• **Exercise prompt**
When you reach the line below that has "Metrelerce uzunluktaki Türk", start returning lines exactly, and stop after the line that has "文創賦能,點燃賽場熱度。淮安"; skip the pictures.

• **Data for review**

☆ ☆ ☆ ☆ ☆ ☆ ☆

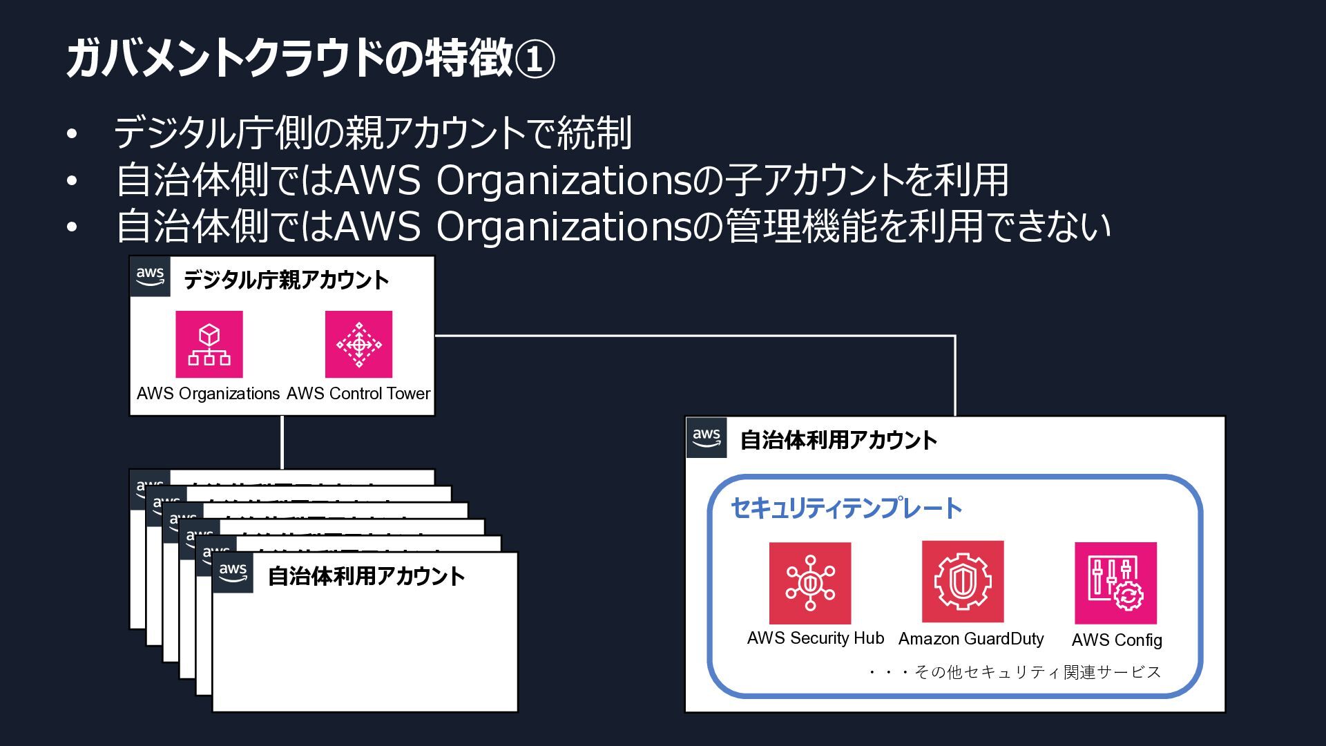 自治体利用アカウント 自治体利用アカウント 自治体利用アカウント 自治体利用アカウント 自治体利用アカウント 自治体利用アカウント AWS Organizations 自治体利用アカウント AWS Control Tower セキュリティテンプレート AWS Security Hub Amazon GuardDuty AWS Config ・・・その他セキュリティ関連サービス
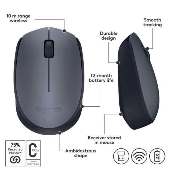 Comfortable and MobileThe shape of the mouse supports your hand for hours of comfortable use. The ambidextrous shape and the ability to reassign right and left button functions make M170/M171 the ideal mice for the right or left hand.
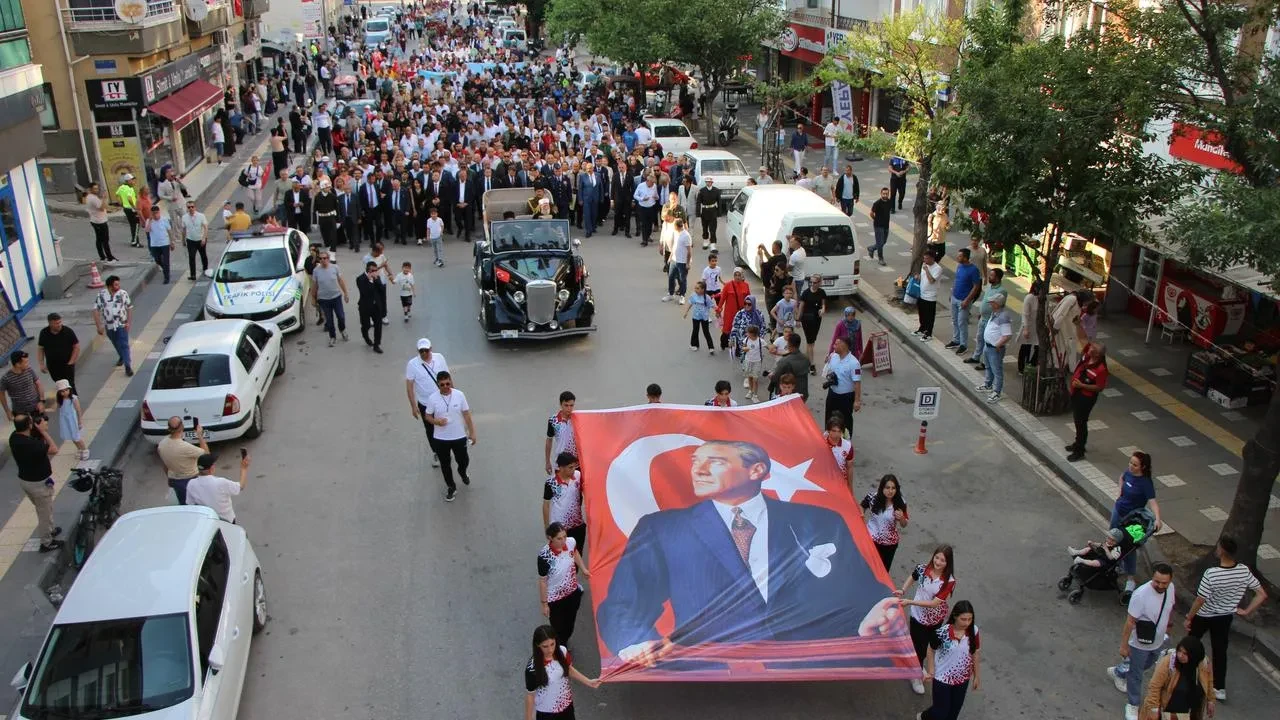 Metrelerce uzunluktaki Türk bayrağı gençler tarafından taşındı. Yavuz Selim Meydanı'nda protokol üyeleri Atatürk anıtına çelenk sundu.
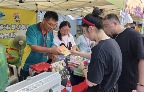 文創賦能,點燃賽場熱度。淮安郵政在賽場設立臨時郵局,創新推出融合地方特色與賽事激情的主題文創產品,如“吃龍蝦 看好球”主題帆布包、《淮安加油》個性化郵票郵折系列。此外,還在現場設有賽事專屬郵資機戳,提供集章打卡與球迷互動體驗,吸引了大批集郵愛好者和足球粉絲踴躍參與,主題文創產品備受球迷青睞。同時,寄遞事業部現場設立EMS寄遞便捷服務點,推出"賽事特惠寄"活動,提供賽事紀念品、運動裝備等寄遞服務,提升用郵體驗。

☆ ☆ ☆ ☆ ☆ ☆ ☆

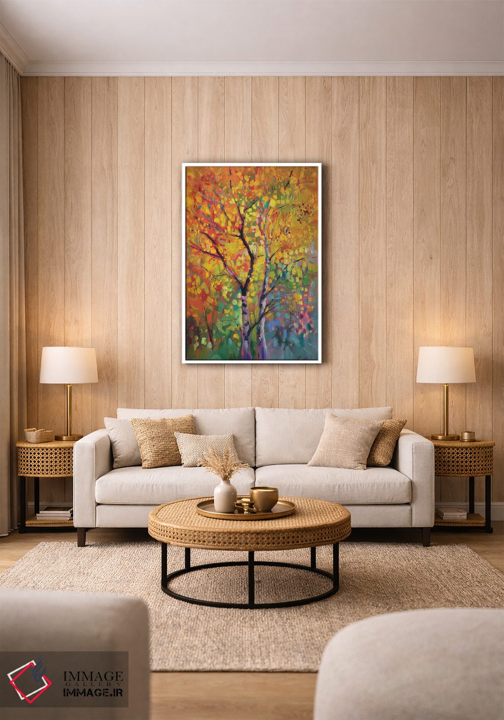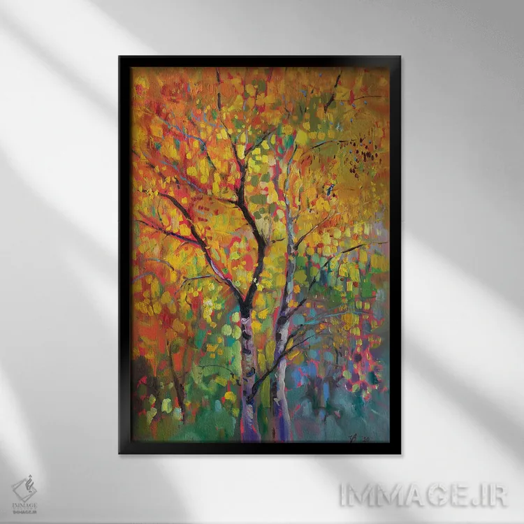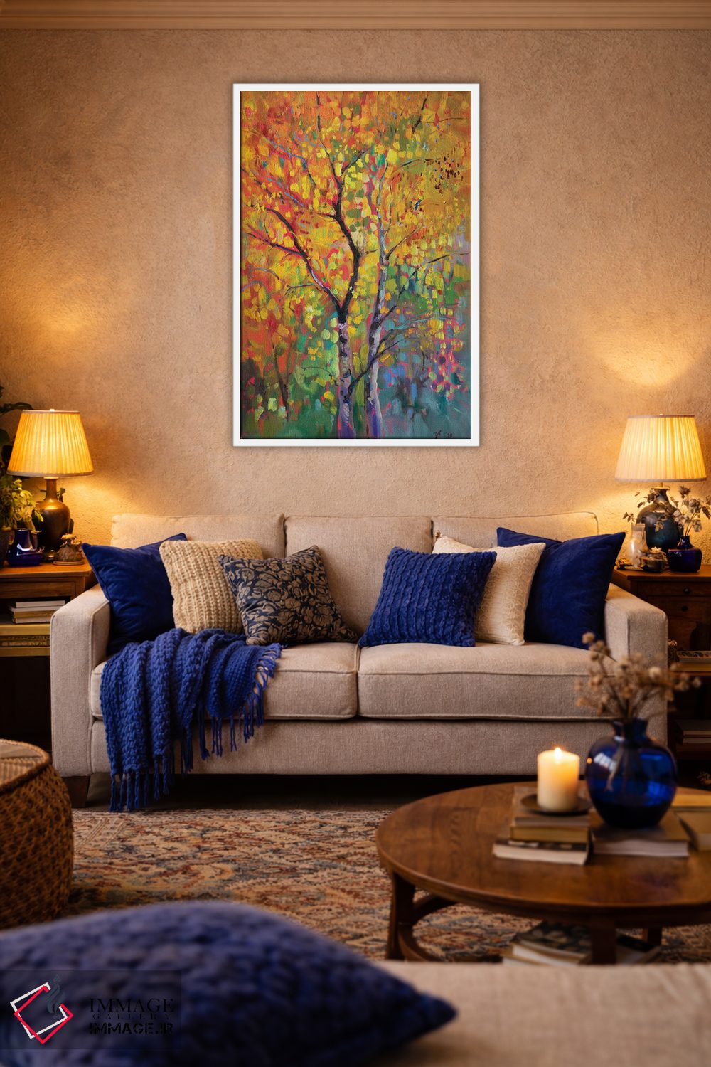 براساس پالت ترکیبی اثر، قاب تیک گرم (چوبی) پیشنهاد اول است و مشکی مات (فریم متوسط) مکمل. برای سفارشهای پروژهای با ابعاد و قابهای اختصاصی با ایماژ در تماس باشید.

☆ ☆ ☆ ☆ ☆ ☆ ☆

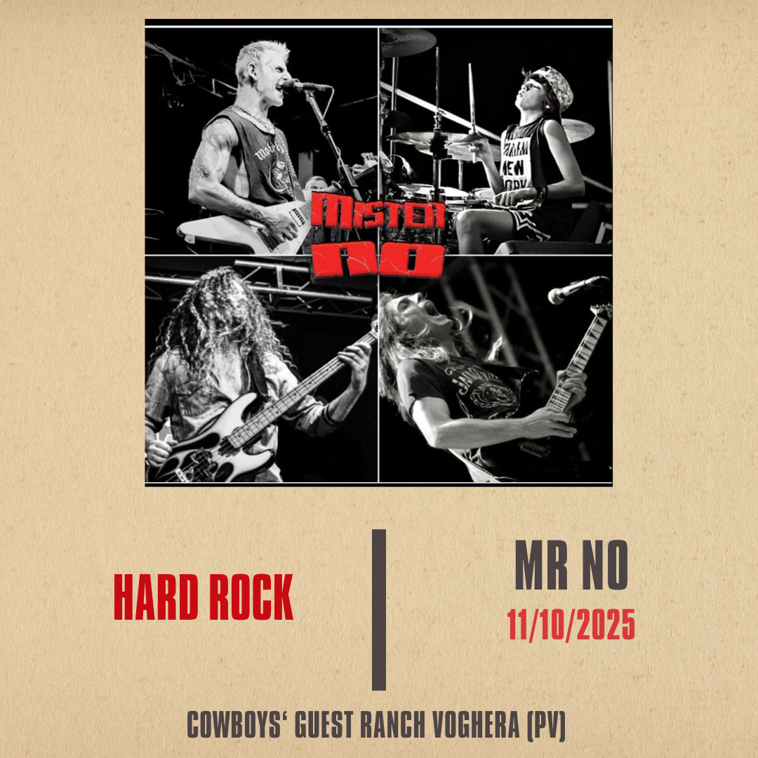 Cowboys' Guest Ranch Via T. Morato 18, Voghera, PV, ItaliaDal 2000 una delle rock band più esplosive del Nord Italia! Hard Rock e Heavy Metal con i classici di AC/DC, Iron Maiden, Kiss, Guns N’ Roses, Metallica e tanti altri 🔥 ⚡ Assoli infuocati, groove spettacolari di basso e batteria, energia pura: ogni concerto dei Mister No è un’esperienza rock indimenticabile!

☆ ☆ ☆ ☆ ☆ ☆ ☆

• **Reply to the exercise**
 Metrelerce uzunluktaki Türk bayrağı gençler tarafından taşındı. Yavuz Selim Meydanı'nda protokol üyeleri Atatürk anıtına çelenk sundu.
 文創賦能,點燃賽場熱度。淮安郵政在賽場設立臨時郵局,創新推出融合地方特色與賽事激情的主題文創產品,如“吃龍蝦 看好球”主題帆布包、《淮安加油》個性化郵票郵折系列。此外,還在現場設有賽事專屬郵資機戳,提供集章打卡與球迷互動體驗,吸引了大批集郵愛好者和足球粉絲踴躍參與,主題文創產品備受球迷青睞。同時,寄遞事業部現場設立EMS寄遞便捷服務點,推出"賽事特惠寄"活動,提供賽事紀念品、運動裝備等寄遞服務,提升用郵體驗。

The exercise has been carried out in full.